Sont également repris, les numéros de comptes bancaires ouverts en Belgique, ou encore, le nombre de contrats en cours.

Ces données sont, en temps normal, conservées par le PCC pendant huit ans.

La validation de procédé s’inscrit dans la cadre d’une réglementation européenne sur les échanges de renseignements.

Est-ce légal?

Aujourd’hui, l’accès à ces données n’est en principe autorisé au fisc qu’en cas de suspicion de fraude fiscale.

Pourtant, la validation de procédé s’inscrit dans la cadre d’une réglementation européenne sur les échanges de renseignements. Et la Belgique, a, jusqu'ici, préservé cette forme de secret bancaire.

Pour quand?

Rien n’a encore été décidé.

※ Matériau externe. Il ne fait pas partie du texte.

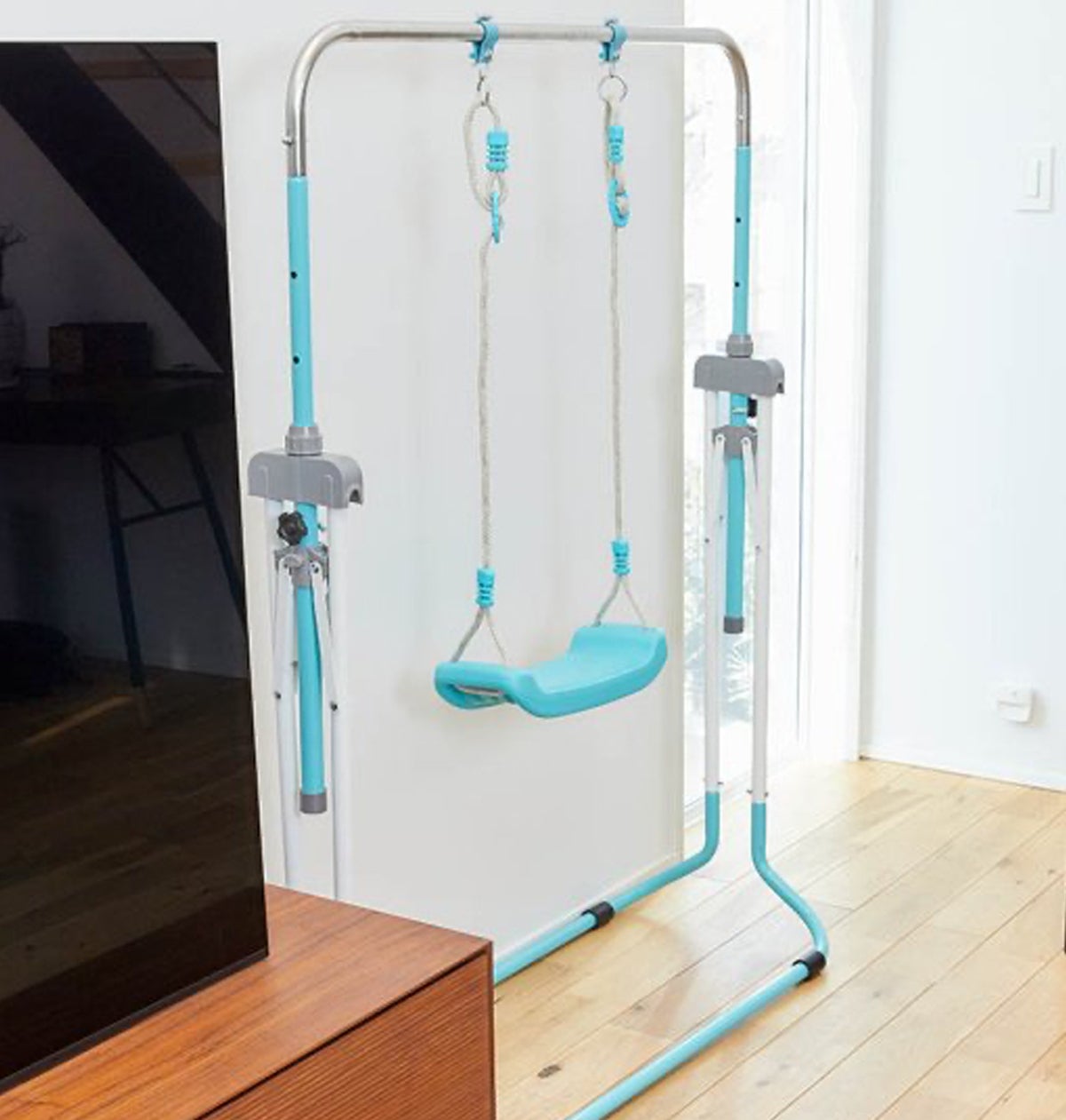 そして、部屋の中でも何かできることはないかと、既存の鉄棒ブランコ商品の上位機種としてより安全で高品質な商品をリリースしたいと企画販売。

Une étude, menée par l’administration fiscale et l’Autorité de protection des données est d’ailleurs toujours en cours.

Cette étape est en effet indispensable, tout comme l'approbation par deux conseils généraux, avant l’adoption du projet.

Au vu du retard occasionné dans le planning, qui tablait sur une entrée en vigueur du data mining dès septembre 2021, cette mesure pourrait se voir activée en 2022.  

Des réfractaires

Bien que la Vivaldi ait promis des montants records dans la lutte contre la fraude fiscale, à savoir 1 milliard d'ici à 2024, et que certains partis semblent y être favorables, d'autres, comme le MR, s'y opposent, estimant notamment que des questions de règles liées à la vie privée entrent en ligne de compte.

Le site de la BNB précise pourtant que le PCC est de plus en plus fréquemment consulté, notamment par les huissiers de justice qui, outre l'administration fiscale, ont également accès à la base de données.

Cette consultation de données se ferait de façon anonyme par les analystes, "les cas étant proposés au contrôle étant les seuls cas à être désanonymisés".

Des données anonymisées

Il convient toutefois de préciser que, selon la note de projet du ministre, cette consultation de données se ferait de façon anonyme par les analystes, "les cas étant proposés au contrôle étant les seuls cas à être désanonymisés".